(Source data begins)

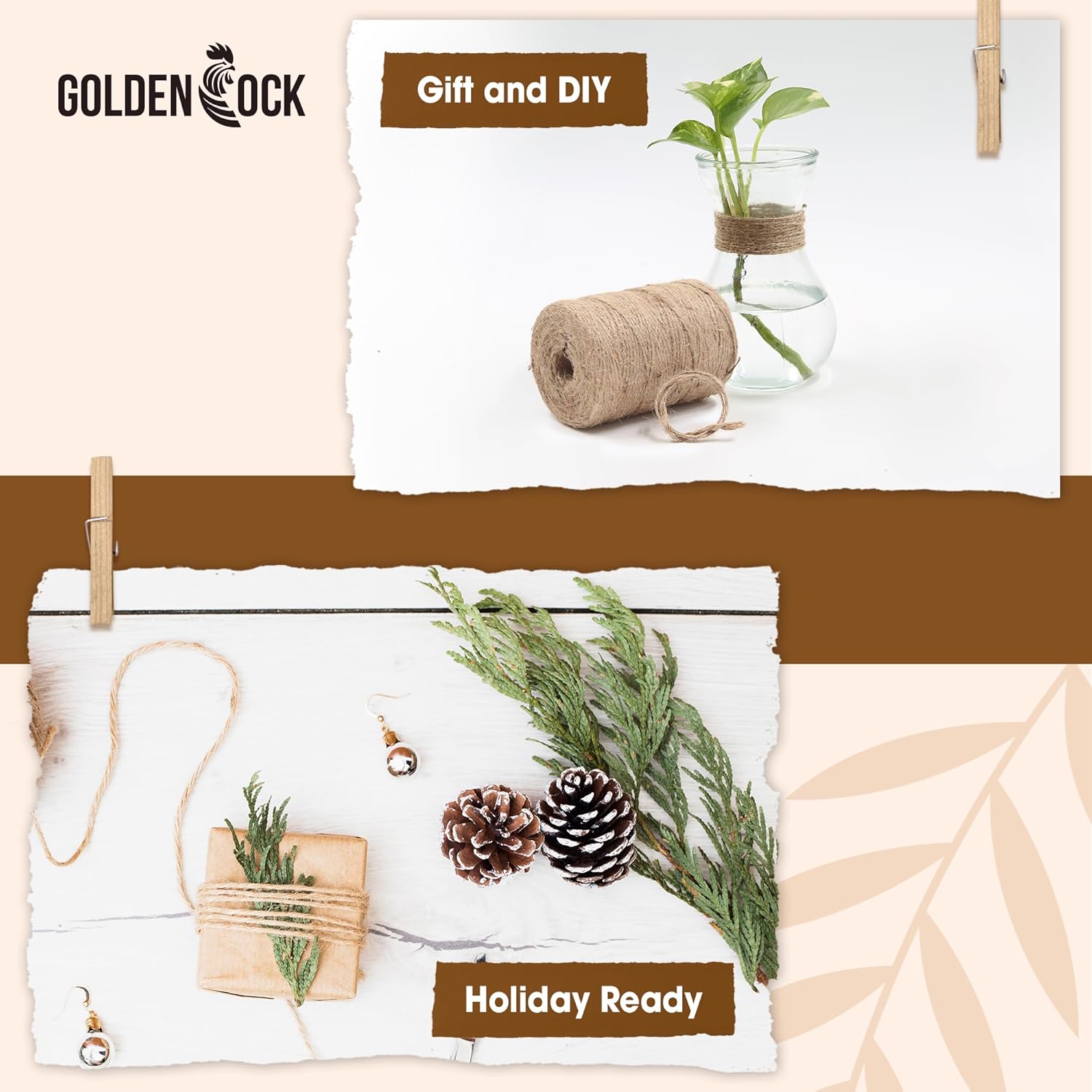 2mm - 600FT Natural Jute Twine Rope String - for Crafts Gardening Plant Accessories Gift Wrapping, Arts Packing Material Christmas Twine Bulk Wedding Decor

(Source data ends)
(Source data begins)

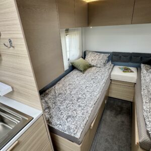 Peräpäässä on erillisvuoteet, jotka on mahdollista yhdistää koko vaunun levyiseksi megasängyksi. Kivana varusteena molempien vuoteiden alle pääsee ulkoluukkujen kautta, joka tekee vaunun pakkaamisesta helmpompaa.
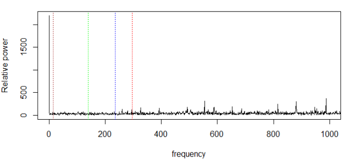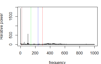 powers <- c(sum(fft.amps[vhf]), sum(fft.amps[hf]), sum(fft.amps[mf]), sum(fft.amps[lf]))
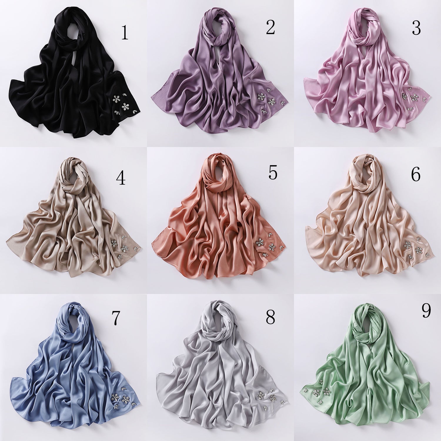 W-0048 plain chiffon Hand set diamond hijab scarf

(Source data ends)
(Source data begins)

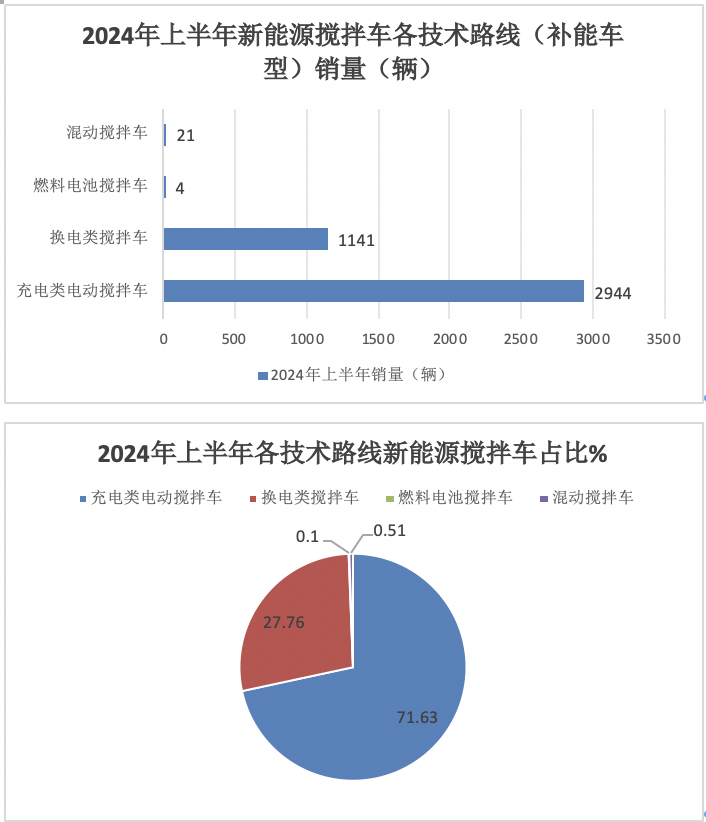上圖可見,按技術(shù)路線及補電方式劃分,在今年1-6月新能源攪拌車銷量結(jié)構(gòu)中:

(Source data ends)

What is expected:
Copy only the lines above from the one containing "sum(fft.amps[hf]), sum(fft.amps[mf]), sum(fft.amps[lf]))" through the one containing "W-0048 plain chiffon", both included. Leave out the pictures.

Answer box:
 powers <- c(sum(fft.amps[vhf]), sum(fft.amps[hf]), sum(fft.amps[mf]), sum(fft.amps[lf]))
 W-0048 plain chiffon Hand set diamond hijab scarf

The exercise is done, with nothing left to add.